This weekend I was attempting to rework some older Azure Automation tasks I wrote some time ago that were a combination of PowerShell scripts and Azure (PowerShell Functions). I was looking to leverage Microsoft Flow so that I could have them handy as ‘Buttons’ in the Microsoft Flow mobile app.

Quite quickly I realized that Microsoft Flow didn’t have the capability to perform some of the automation I required, so I handed that off to an Azure Function. The Azure Function then needed to leverage a Registered AAD Application. That required an Application ID and Secret (or a certificate).  This wasn’t going the way I wanted so I took a step back.

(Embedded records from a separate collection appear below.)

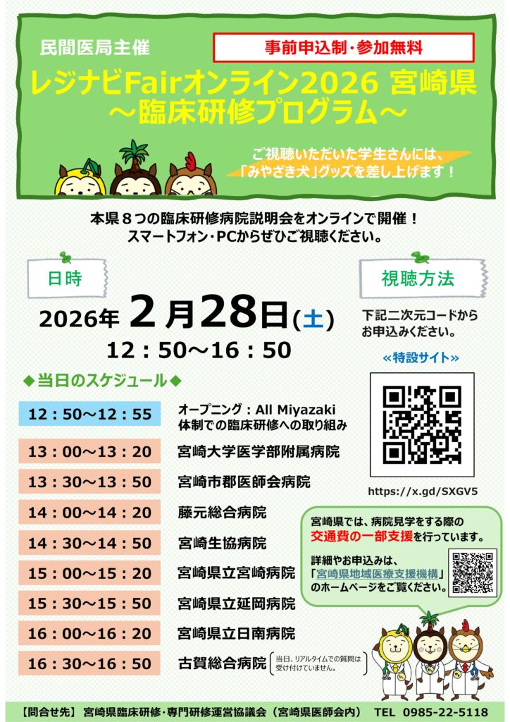 民間医局レジナビフェアオンライン2026 宮崎県 ~臨床研修プログラム~
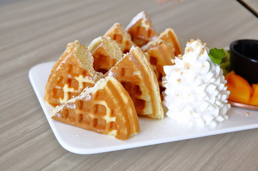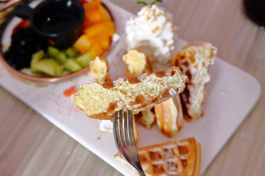 鬆餅是屬於比較扎實的口感,與鮮奶油一起吃,不甘澀搭配得嘟嘟好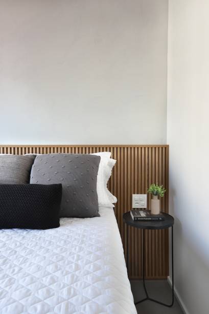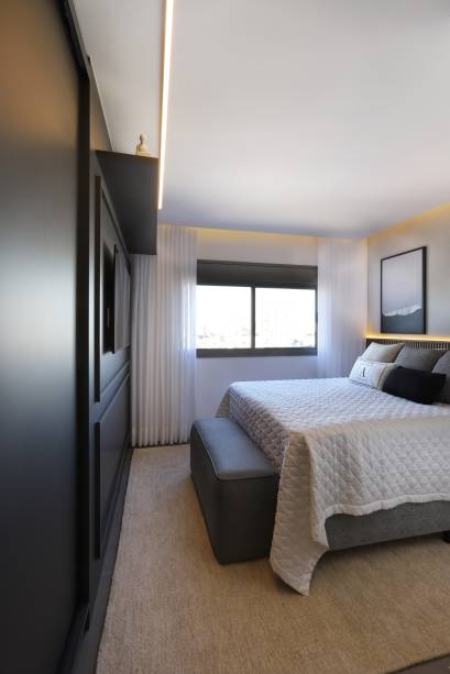 Na suíte, a cabeceira ripada desenhada pelo escritório de arquitetura traz a leveza do MDF em madeira clara em contraste com as portas dos armários e painel da TV em MDF Nero, seguindo a mesma linguagem de cor do restante do apartamento.

The Goals I was attempting to achieve were;

  • A set of Azure Functions that perform small repetitive tasks that can be re-used across multiple Flows
  • Separation of permissions associated with function/object orientated Azure Functions

The Constraints I encountered were;

  • Microsoft Flow doesn’t currently have Azure Key Vault Actions
  • The Flows I was looking to build required functionality that isn’t currently covered by available Actions within Flow

With my goal to have a series of Functions that can be re-used for multiple subscriptions I came up with the following workaround (until Flow has actions for Key Vault or Managed Service Identity).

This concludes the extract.